Dividing 136 by the smallest prime number, 2.

136 ÷ 2 = 68

136 = 2 x 68

Dividing 68 by the smallest prime number, 2.

68 ÷ 2 = 34

136 = 2 x 2 x 34

Dividing 34 by the smallest prime number, 2.

34 ÷ 2 = 17

136 = 2 x 2 x 2 x 17

Dividing 17 by the smallest prime number, 2.

17 ÷ 2 = 8.5, not an integer (whole number so move on to the next prime number)

Once you have found a prime factor, keep dividing the remainder by the same prime factor until the remainder is no longer a whole number (an integer). When that happens, move on to the next prime number.

Prime factors are factors of another number that are Prime numbers.

What is a prime factor?

Prime factors are Prime numbers that are factors of an integer.

Finding prime factor

Finding prime factor is easy. Take a number and divide it by the smallest Prime numbers you know. An example of how to find prime factors is shown below.

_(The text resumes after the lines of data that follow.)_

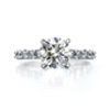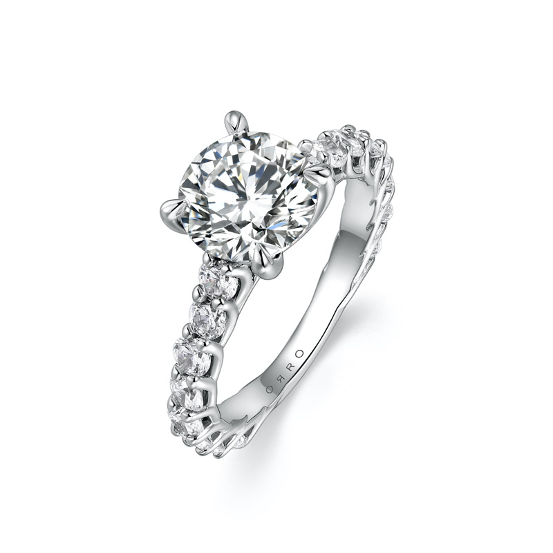The ORRO Arielle Ring exemplifies the brand’s commitment to innovation and craftsmanship. Showcasing a round brilliant centre rock, this ring features an exclusive band design, a hallmark of ORRO’s artistry. The band is adorned with ten relatively large round brilliant diamonds on each side, each secured by four prongs. These prongs are organically crafted, curving gracefully out of the band and extending up to the ¾ mark. This unique construction creates a mesmerizing floating effect for the total of 20 round brilliant gems set on both sides of the band, offering a spectacular view from every angle. Available with a 1.00ct or 2.00ct round brilliant cut center stone, the ORRO Arielle Ring is a masterpiece of elegance and originality.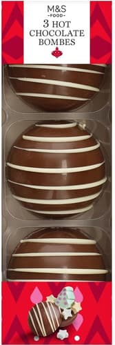 Die Hot Chocolate Bombes von Marks & Spencer bestehen aus drei hohlen Kugeln aus Milchschokolade, die jeweils mit Marshmallows gefüllt sind. Beim Übergießen mit heißer Milch schmilzt die Schokolade und ergibt eine cremige Trinkschokolade.
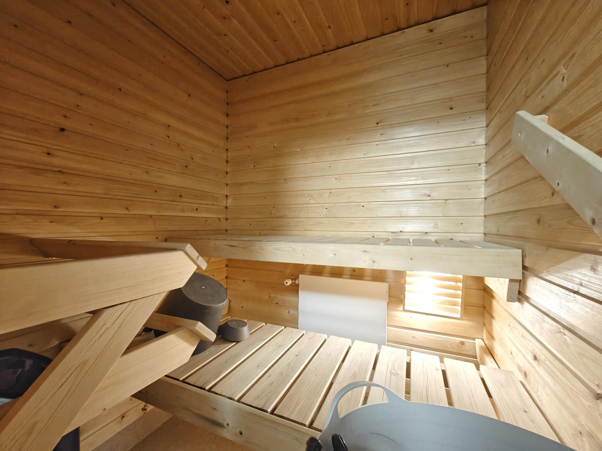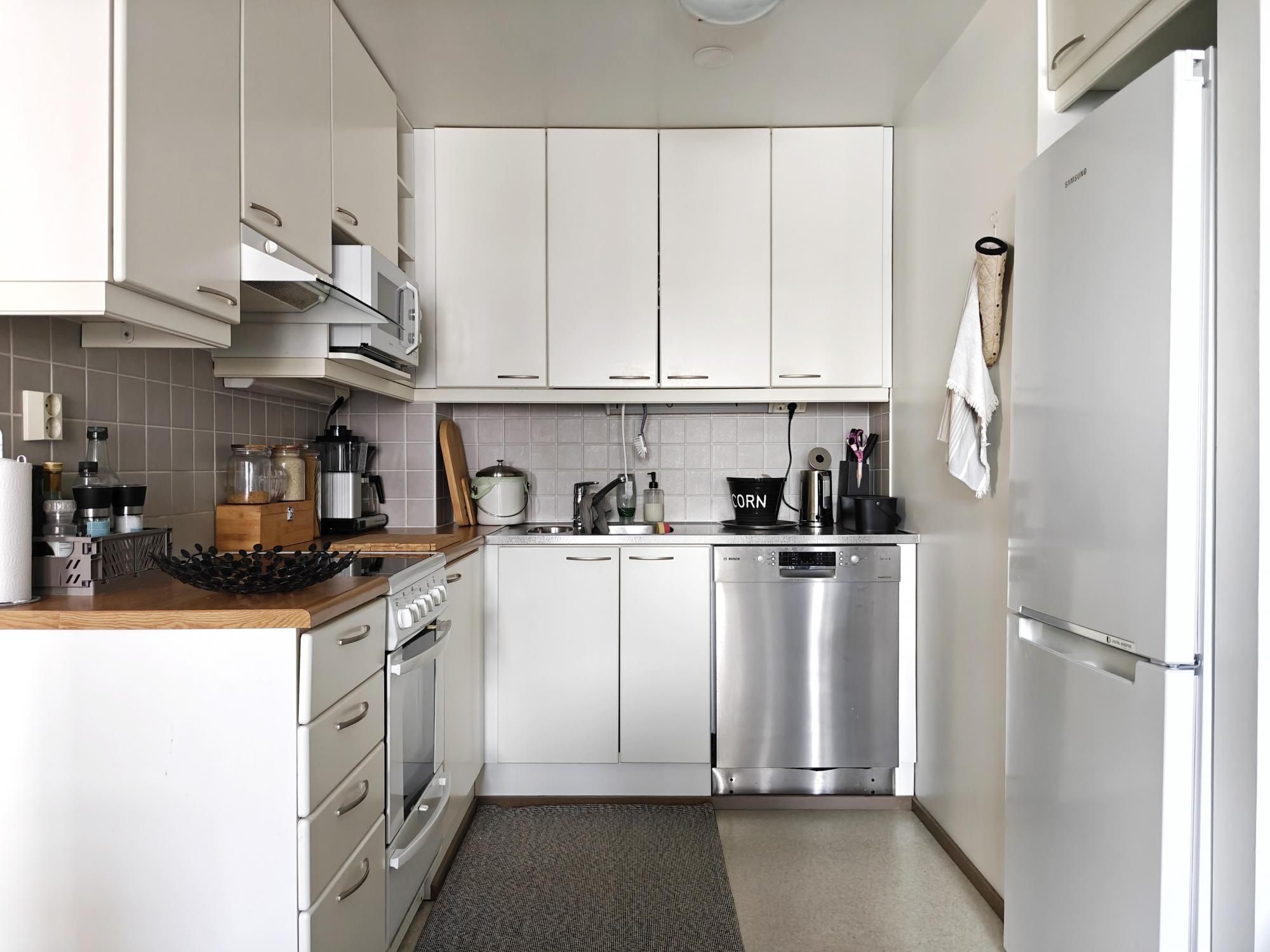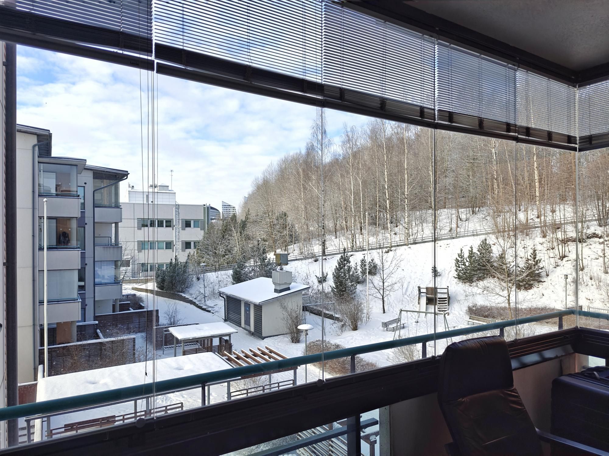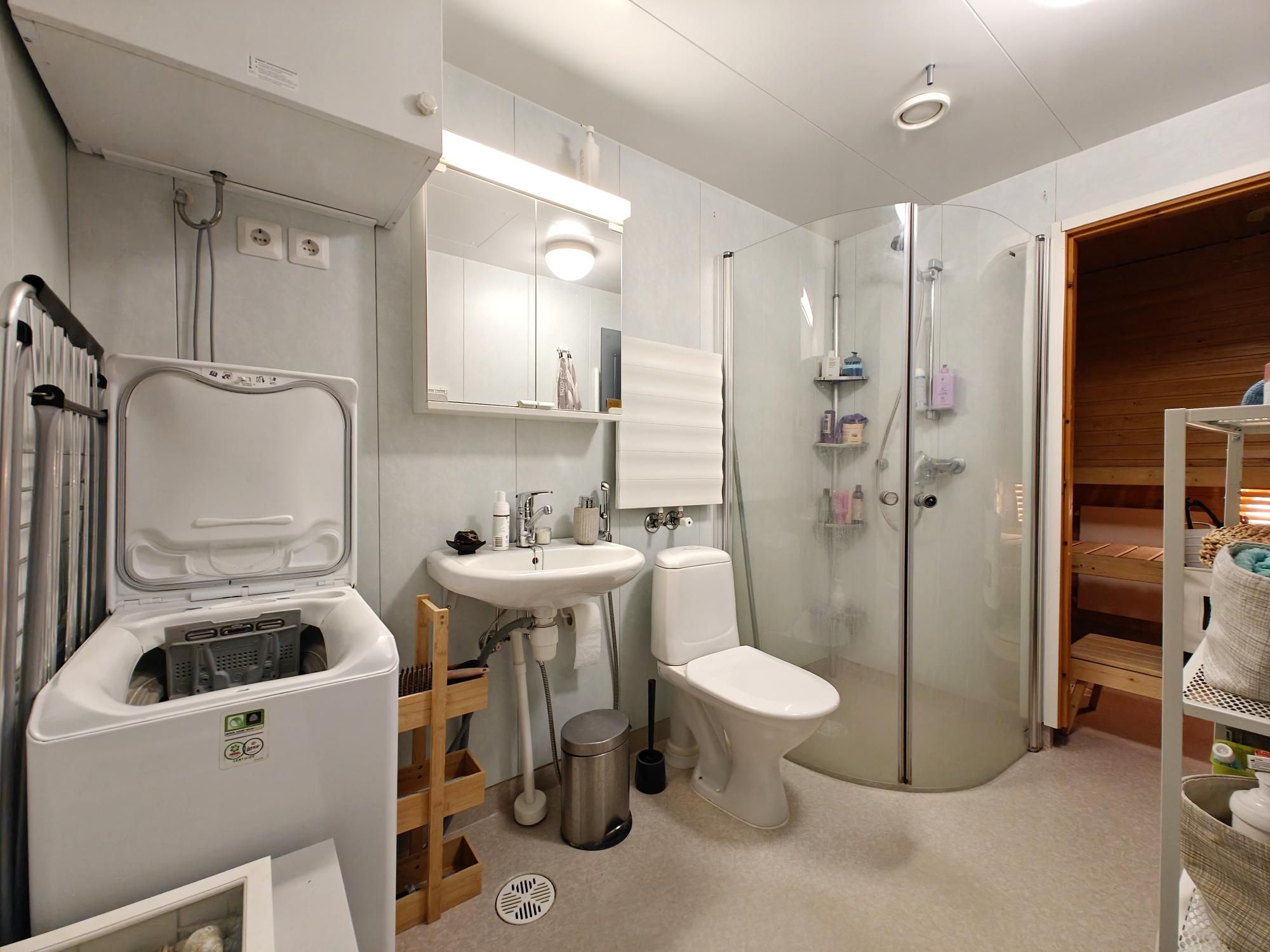 Keittiössä mukavasti säilytystilaa, astianpesukone, jääkaappipakastin, keraaminen liesi ja liesituuletin. Makuuhuoneen yhteydessä vaatehuone. Kylpyhuoneessa paikka ja liitäntä pyykinpesukoneelle sekä oma sauna. Iso lasitettu parveke sälekaihtimilla.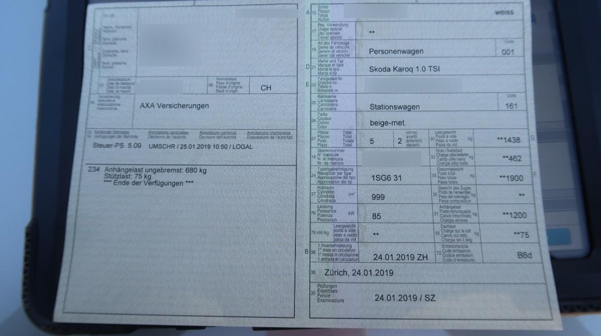 | Fahrzeugausweis | Vorhanden |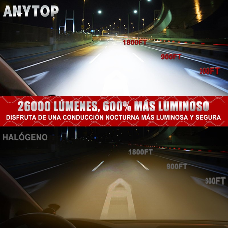 ANYTOP H4 Led Bombillas para Auto Delanteros Faros,HB2 9003 Luz Alta Y Baja,160W 26000LM 6500K Luz Blanca,600% SúPer Brillante Luces Led Kits de Conversión,Impermeables Focos Auto,2 Unidades

What are prime factors of 25?

Step 1: Divide 25 by the smallest prime number you know. The smallest prime number you know is 2.

So, divide 25 by 2.

25 ÷ 2 = 12.5, not an integer (whole number), therefore the prime number 2 is not a prime factor of 25.

Step 2: Divide 25 by the NEXT smallest prime number you know. The NEXT smallest prime number you know is 3.

So, divide 25 by 3.

25 ÷ 3 = 8.3 recurring, not an integer (whole number), therefore the prime number 3 is not a prime factor of 25.

Step 3: Divide 25 by the NEXT smallest prime number you know. The NEXT smallest prime number you know is 5.

So, divide 25 by 5.

25 ÷ 5 = 5, an integer (whole number), therefore the prime number 5 is a prime factor of 25.

Step 4: Divide the remaining number by the same prime number (5 in this case) or the next smallest prime number you know (7).

Since the remaining number is 5, so divide 5 by 5.

5 ÷ 5 = 1.

Stop the process when the remainder of the divisions is 1.

That means, 25 has only one prime factor, 5.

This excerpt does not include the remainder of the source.